Stereotyp nr 1, czyli magiczna granica 200tys. km na liczniku, po którym auta magicznie się psują. Kiedyś było tak z Fiatami 125p i tak teraz uważają Polacy - handlarze muszą się do nich dostosowywać, aby sprzedać auto i później Janusze są wielce oburzeni, że zostali oszukani. Większość aut w Polsce (szczególnie z silnikiem diesla) ma przebiegi ok. 400-500tys. i to dobitnie pokazuje, że auto serwisowane bez problemu przejedzie taki dystans. Oczywiście są auta z silnikami, które są mniej wytrzymałe i bardziej ale nie o tym tu tylko w dziale „Jakie auto kupić”. Warto za to spojrzeć na ten wykres poniżej:
[Aby pobrać załącznik musisz być zalogowany na forum » zaloguj się]
Przedstawia on średnie przebiegi najpopularniejszego u nas auta, czyli VW Passata. Jak widać, po 4 latach użytkownicy tych aut przestają jeździć… a tak naprawdę jest to magia idiotycznego wymogu Polaków, „mniej niż 200tys.”
W firmie, w której pracuje, 6 letnie Hondy Accord mają na licznikach 400tys., a po stanie technicznym nie widać oznak zużycia. Wszystko wymieniane od razu w razie usterki. Gwarantuję, że jakbym skręcił licznik na 190tys. szybko sprzedałbym to auto osobie, która chce być oszukana, a przy podanym realnym przebiegu nawet nie zadzwoniłaby.

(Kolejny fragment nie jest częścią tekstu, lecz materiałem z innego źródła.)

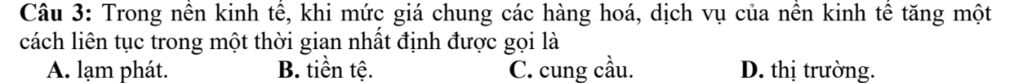 Câu 3: Trong nền kinh tế, khi mức giá chung cách liên tục trong một thời gian nhất định được các hàng hoá, dịch vụ của nền kinh tế tăng một gọi là
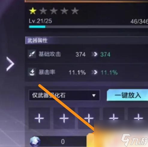 最后在放好武器和升级石后,点击下方的强化按钮即可成功升级武器。
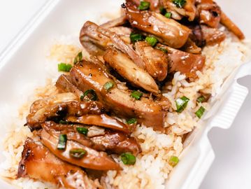 Grilled boneless and skinless chicken marinated in our homemade teriyaki sauce, served over a bed of rice.
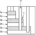 도 1a에 도시된 바와 같이, 비아 콘택 홀(11)이 형성될 때, 과도한 식각으로 인해, 상기 비아 콘택 홀(11)은 제2 절연층(3b)을 관통하여 또 다른 제2 절연층(3a)에도 연결된다. 도 2b에 도시된 바와 같이 제2 절연층(3)과 비아 콘택 홀(12)이 금속으로 충진될 경우, 제2 절연층들(3a, 3b)간에 전기적 합선이 발생할 수 있으며, 이로써 정상적인 소자 작동이 불가능하게 된다.As shown in FIG. 1A , when the
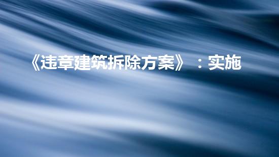 摘要:《违章建筑拆除方案》:实施计划及注意事项是关于拆除行业的重要指导性文件。本文由一位化工技术专家角度出发,就该方案的实施计划及注意事项,拆除前清洗置换,设备回收,污泥减量化,废液处理,油罐拆除,危...
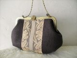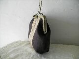 ダークブラウンに近いシックなパープルリネンにアンティークレースをのせたがま口バッグ
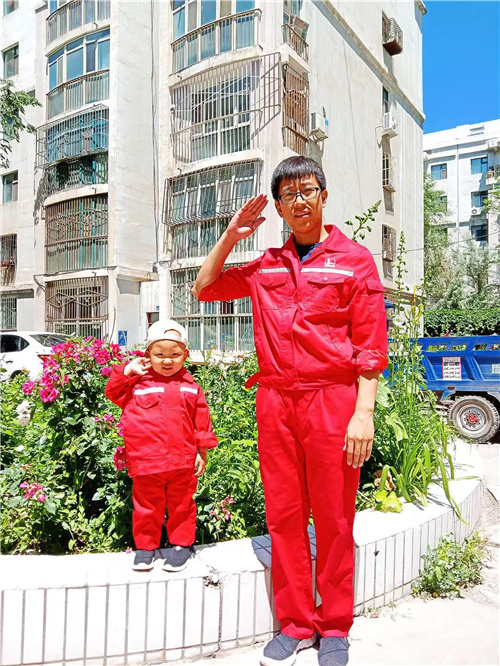 前不久,青工杨小腾和儿子杨曦泽身穿红色亲子工装庆祝建党百年华诞的照片,在中国石化和西北油田微博上卷起一阵工装热潮。
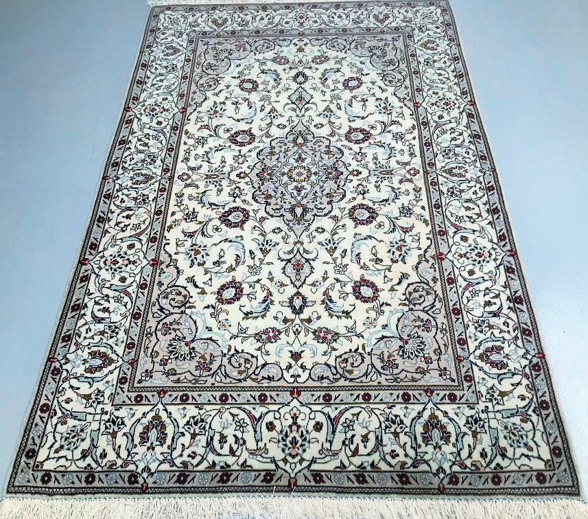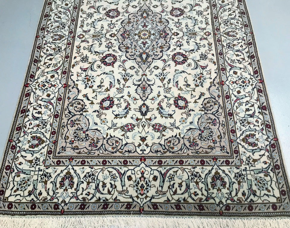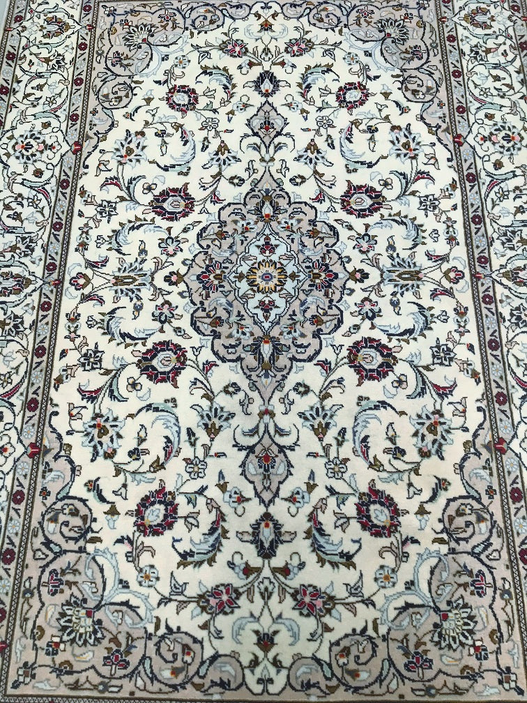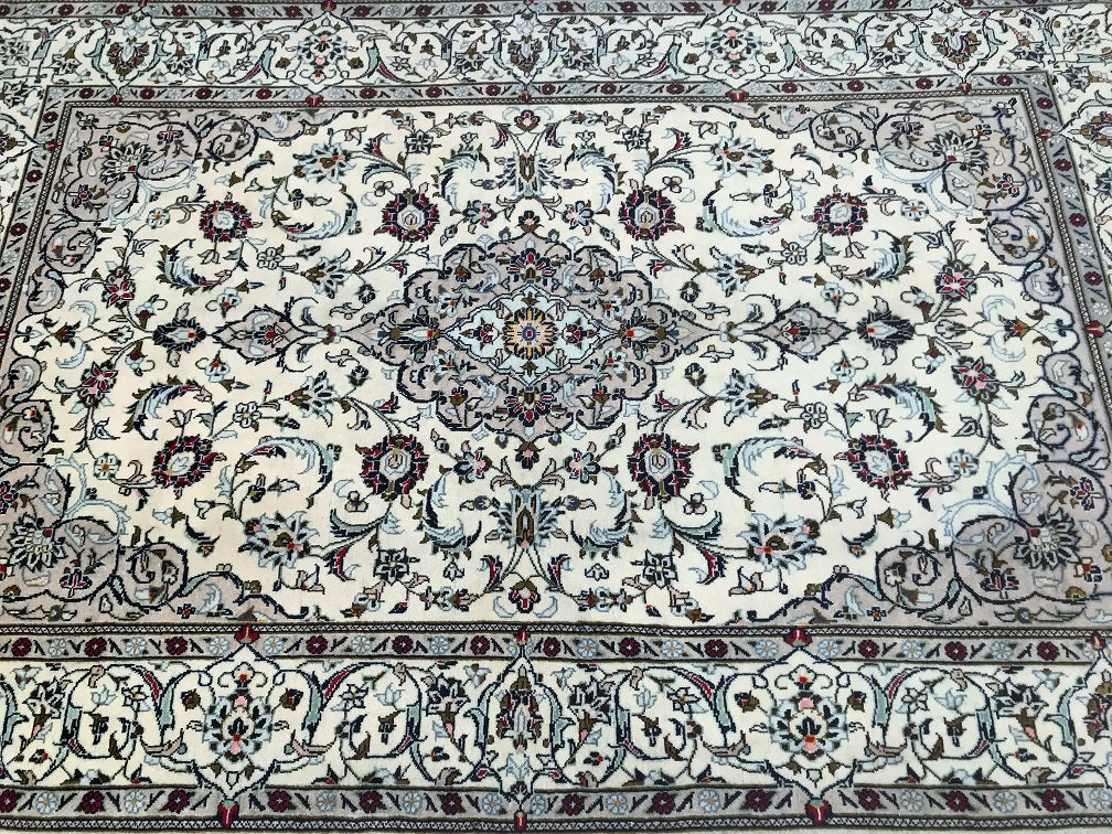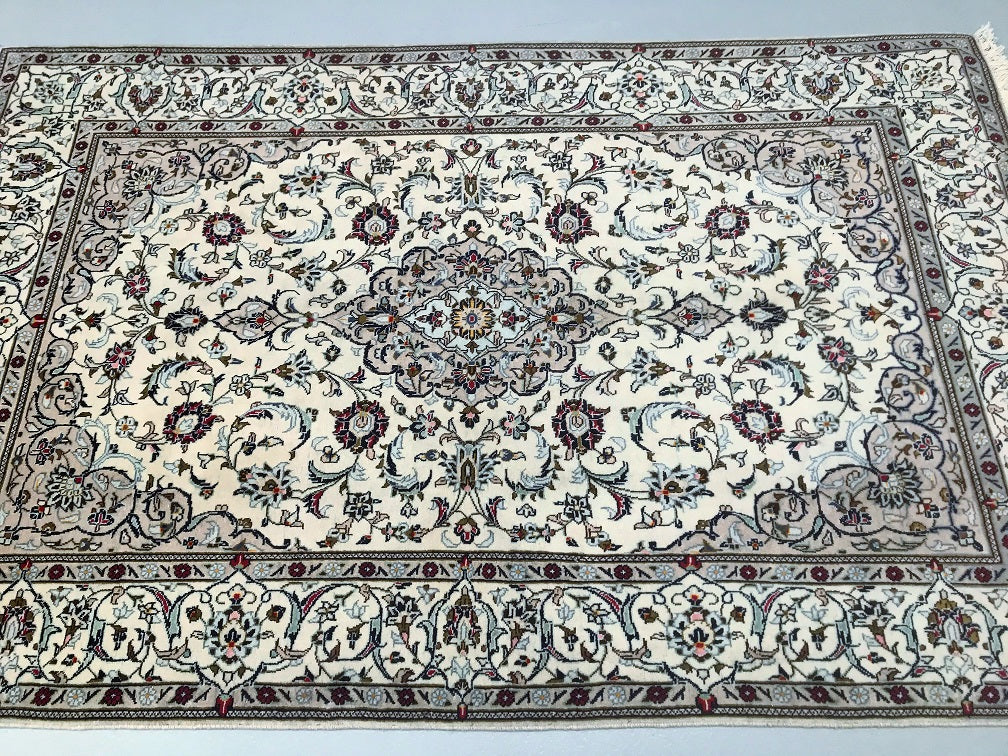 Fine Coffee Table Size Hand Knotted Vintage Persian Kashan Rug. It Has A Pure Lamb’s Wool Pile On Cotton Base. Beige, Blue and Touch Of Red And Light Brown Tone Dyed Using Traditional Methods. Superb Quality Piece That Brings Life To Any Room.
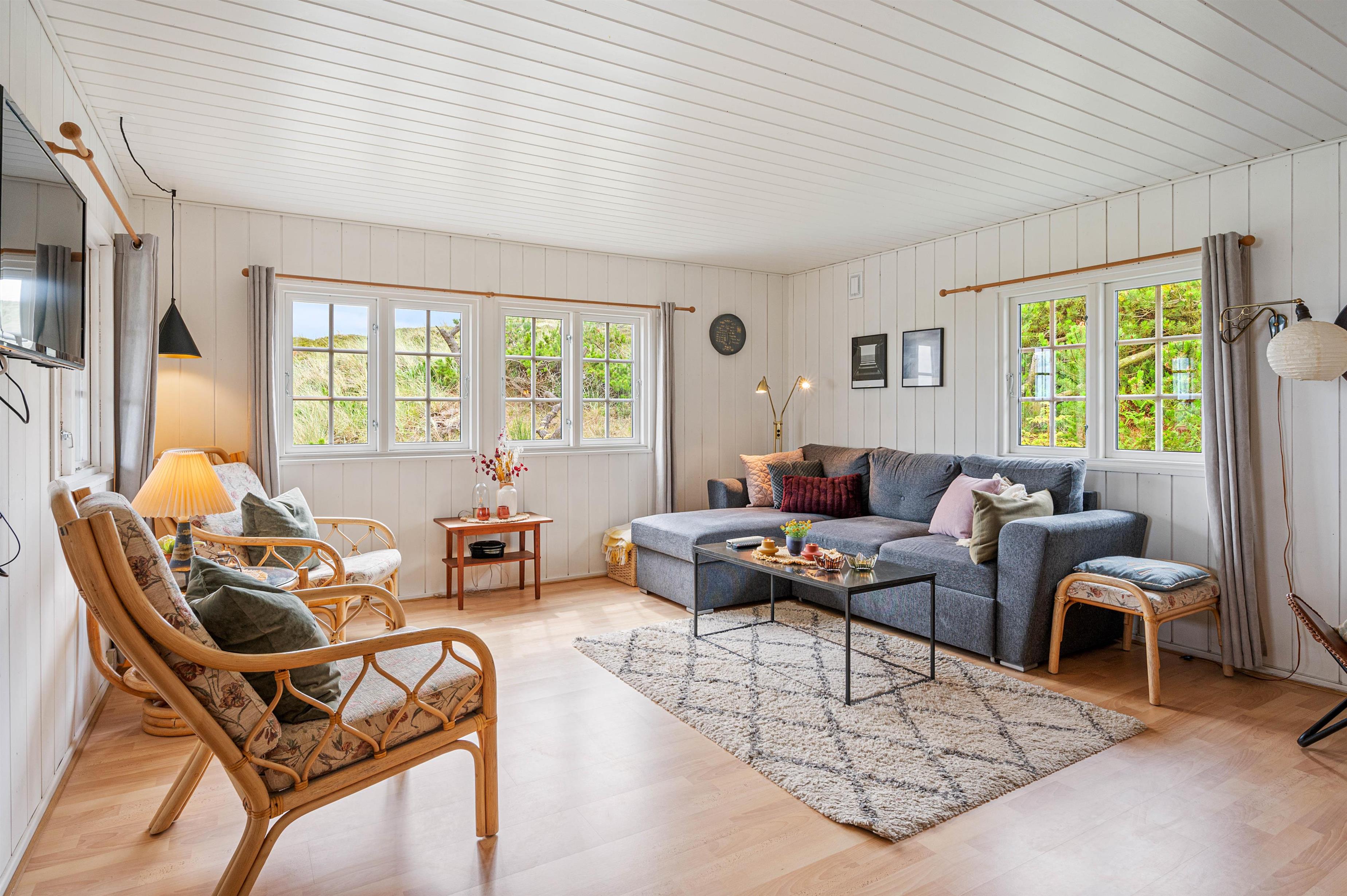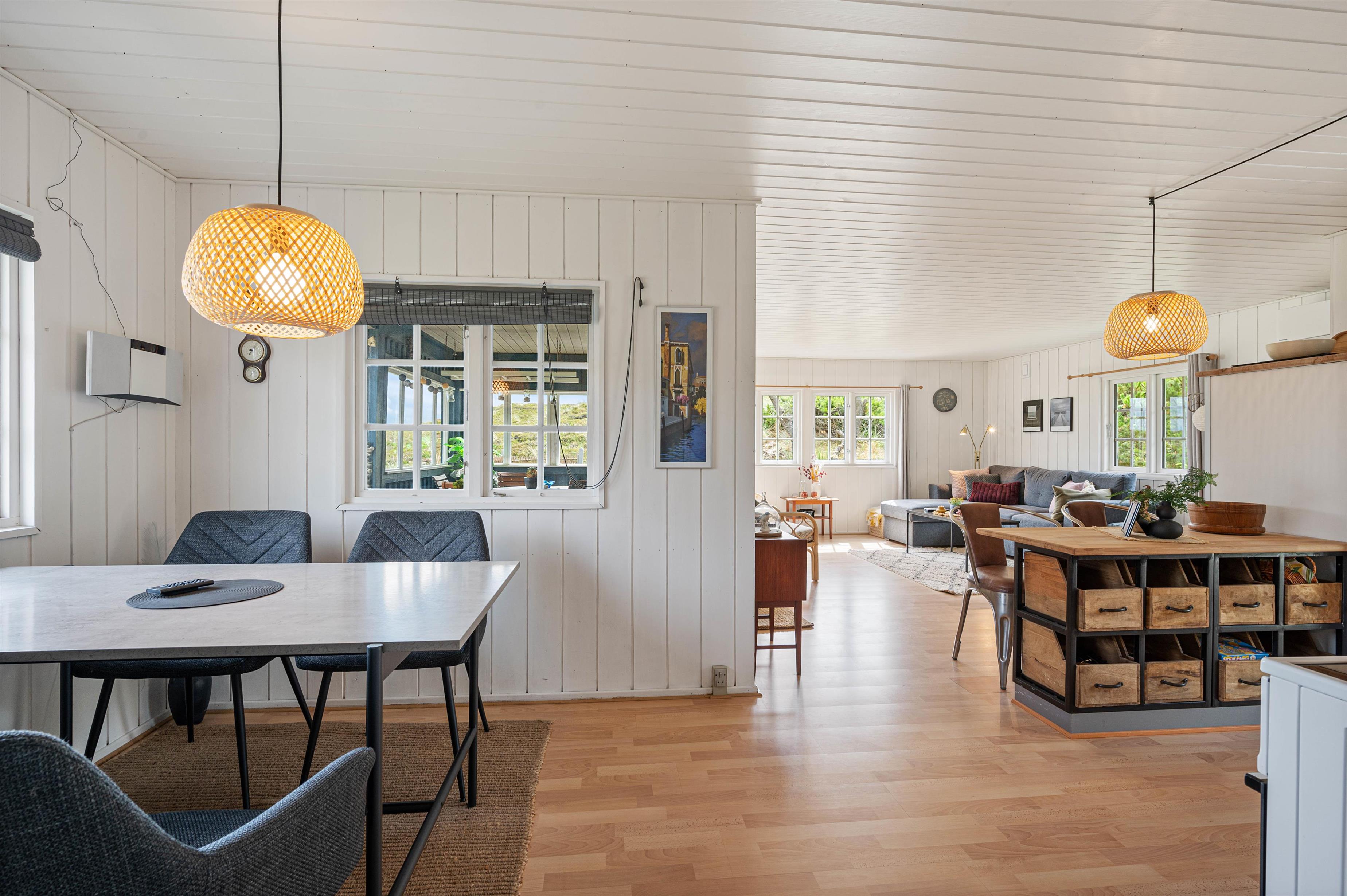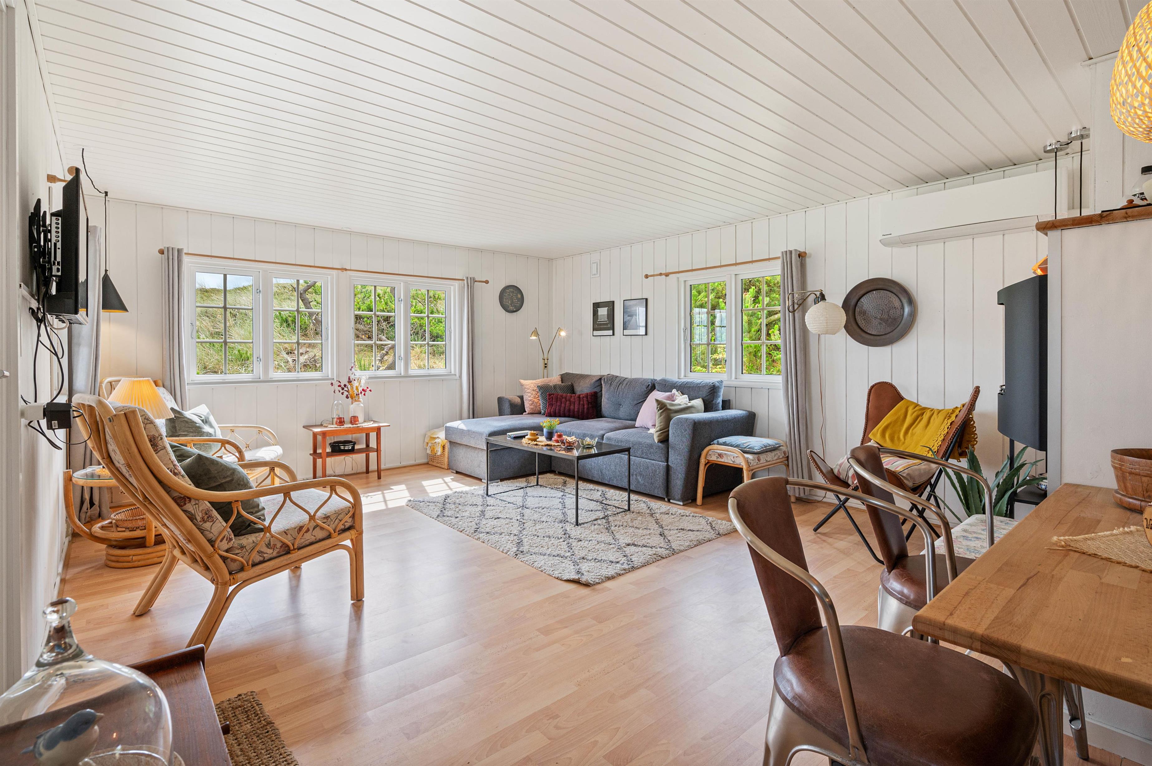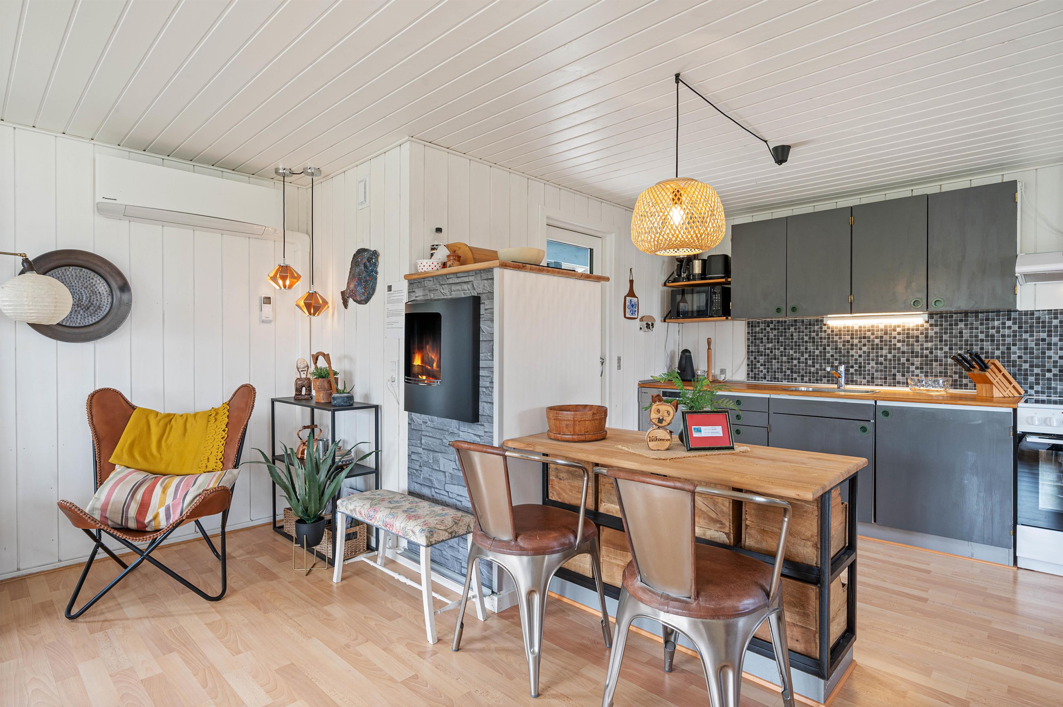 Fra entréen træder I ind i feriehusets hjerte – nemlig stuen, som ligger i åben forbindelse med køkkenalrummet. Her kan alle give en hånd med, når der skal kokkereres og dækkes op til dagens lækre feriemiddag. I stueafdelingen er der lagt i kakkelovnen til masser af kvalitetstid med filmhygge og afslapning på sofaen.
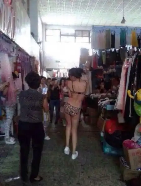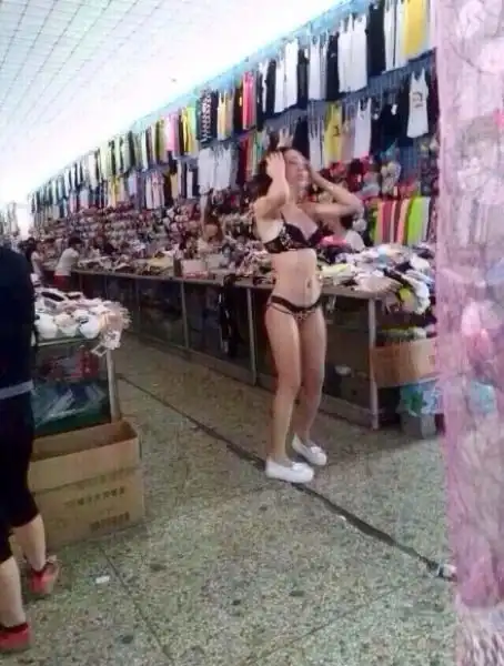 Чтобы увеличить продажи, хорошая идея - показать товар лицом. Именно так и решила поступить продавщица нижнего белья на рынке в городе Таншань, провинция Хэбэй. Возомнив себя ангелом Victoria’s Secret, она начала примерять на себя различные комплекты и красоваться перед потенциальными покупателями.
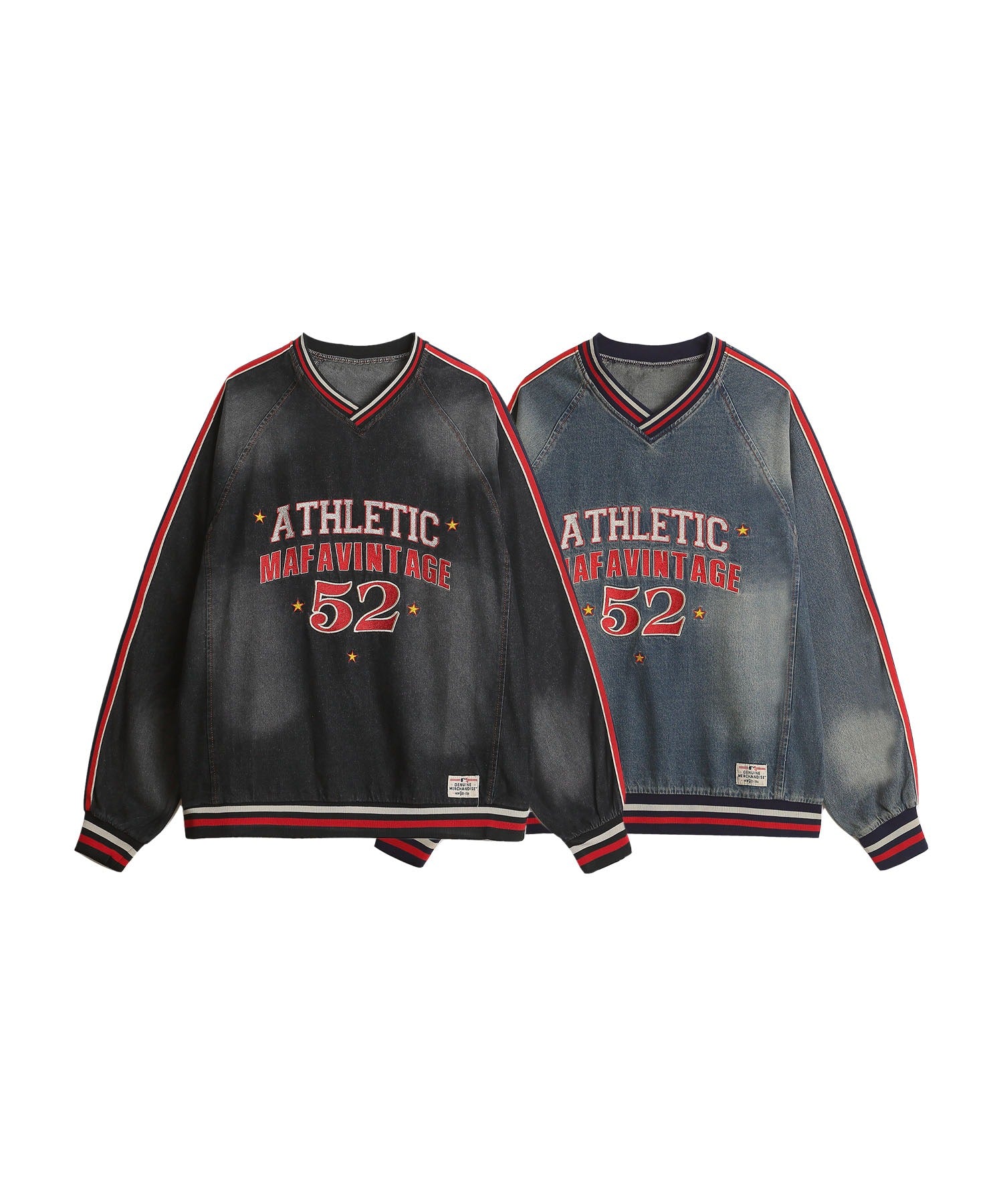ヴィンテージ風 デニム Vネックトレーナー
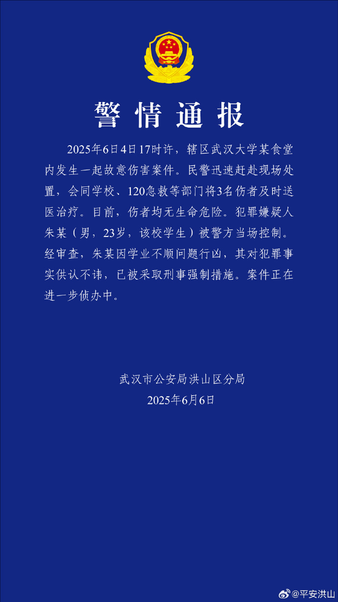 警方通报武汉大学伤人事件:嫌疑人因学业不顺行凶,3人受伤。详情如下

A jak wygląda np. Lexus po 1 500 000 (półtorej miliona) kilometrów? Ano tak:
[link do gieldaklasykow.pl wygasł]
Prawda, że wnętrze wygląda lepiej niż wielu aut po licznikowym 200tys.?
Więc na co ma wpływ przebieg? Ano na wyeksploatowanie podzespołów, tylko że prawidłowo serwisowany egzemplarz będzie je miał wymienione na czas (na markowe, a nie najtańsze).
Przykład to wymiana oleju w skrzyni biegów – wiele osób o tym zapomina, co skraca drastycznie jej żywotność. Nie jest wtedy winny przebieg, a kultura serwisowania, która niestety w Polsce nie stoi na najwyższym poziomie – nasi rodacy wychodzą zazwyczaj z założenia, że „skoro mam trwałe auto, to po co będę marnować pieniądze na jego serwis?”. Np. zawieszenie też może NIE stukać przy takim przebiegu i być sztywne.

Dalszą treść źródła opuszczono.